Traditional art history has long been associated with “fine art” (often meaning “art created by renowned individuals from cultures of the West”), while anthropology has been left to study the “crafts” from “non-Western” cultures and anonymous “artisans.” World art studies embrace diverse media: performance arts such as drama, dance, and music; literary arts of language and literature; installation and environmental arts; electronic arts; and visual arts such as painting, sculpture, architecture, ceramics, textiles, and jewelry. (Contemporary art history, of course, has broadened its own realm to include many visual genres once considered nontraditional.) Because items made from tangible materials provide evidence reaching furthest back in time, the examples used here, in a general survey of world art studies, are objects (or visual records of objects) that survive to been seen, examined, and appreciated.

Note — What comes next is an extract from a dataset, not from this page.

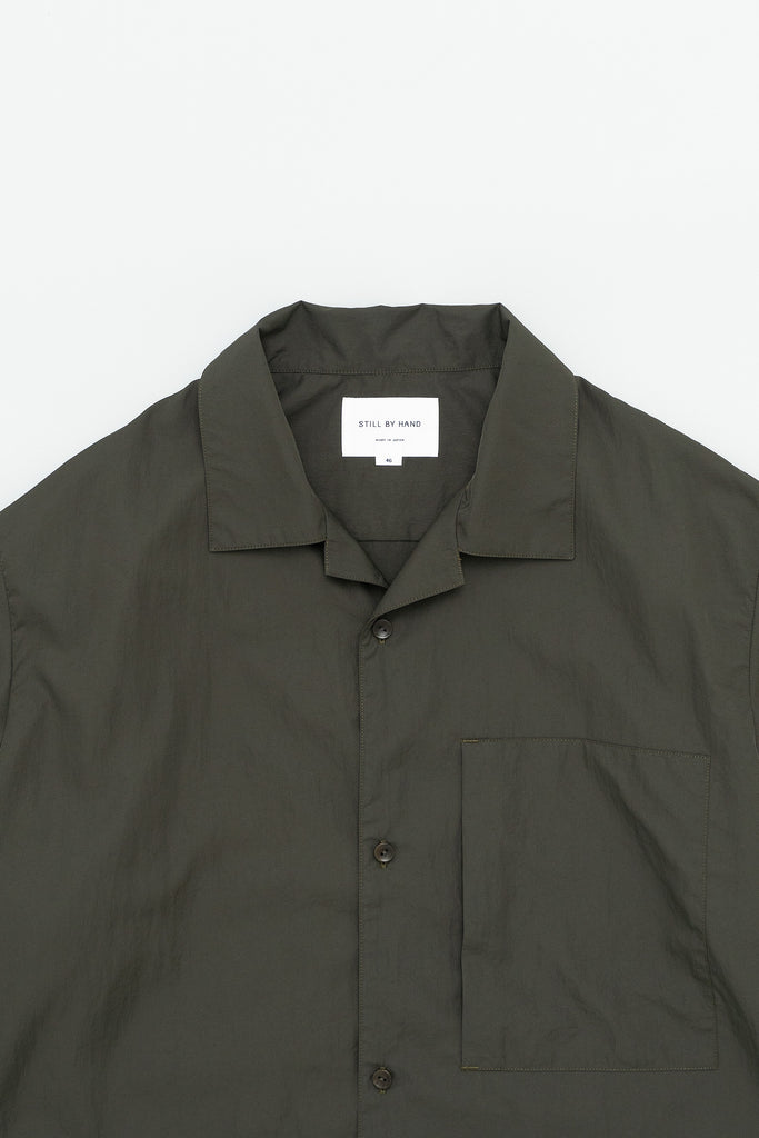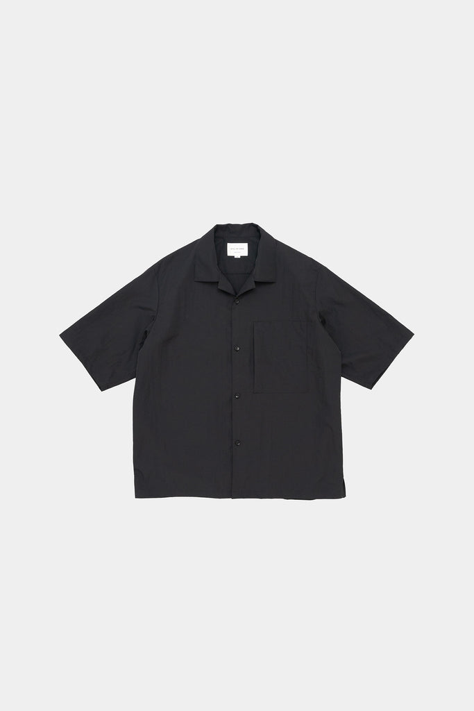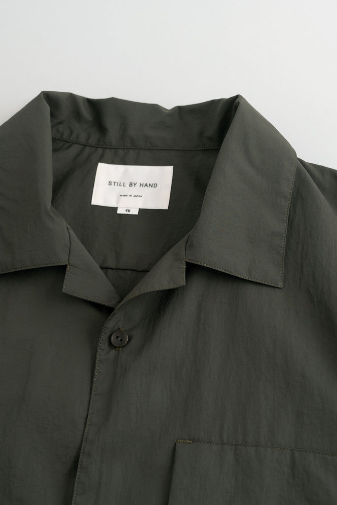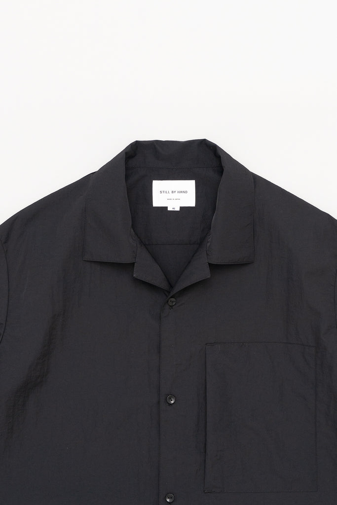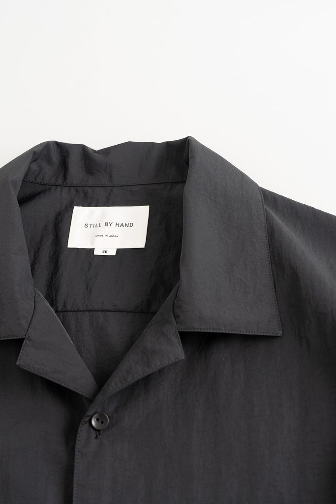 凹凸感のある表情が特徴のナイロン素材を使用したオープンカラーシャツ。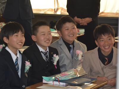 さて、4月からは次の学年に進みます。6年生はいよいよ中学生。5年生は新たな最高学年に、4年生は高学年に、3年生は委員会など学校の役割を果たします。2年生は、3年生として1、2年生のお手本に。1年生は、2年生となり新しい1年生の優しいお兄さん、お姉さんとなります。

Art historians address the content, context, and meaning of such objects, as well as how, why, when, and by whom they were made, but world art historians take this “see the art in context” approach further (and deeper) to make cross-cultural comparisons. For example, fiber arts comprise textiles—wall hangings, quilts, tapestries, rugs, and cloth—as well as ropes and nets. Each of these specialties involves processes or considerations that reflect social, economic, and cultural aspects of particular groups who made them: the method or sophistication of fiber manipulation and construction (including spinning, weaving, knitting, and patterns of braiding or twisting); the resources or material available (such as cotton, silk, hemp, or flax); and the purpose or occasion of an item’s use (fishing, trading, everyday or ritual clothing). Breaking down a genre of art and analyzing the specific factors that shaped its creation can often make comparisons across cultures more significant for world historians.

Key Aspects of the Field

Since art is created everywhere in the world, world art first and foremost demonstrates the universality of human neurology and nature—our sophisticated hand-eye coordination and our ability to symbolize (that is, to have one thing “stand for” another). The historian David Christian is among those who have observed that accumulated collective learning via symbolic representation is a “driving variable” in human dominance of the planet. The field of world art examines and interprets this symbolic record: art as fact (artifact, from the Latin words factum and arte, literally “thing made by skill”) provides ongoing evidence of multivalent symbolic behavior and meaning that is generated and put into context over time and space.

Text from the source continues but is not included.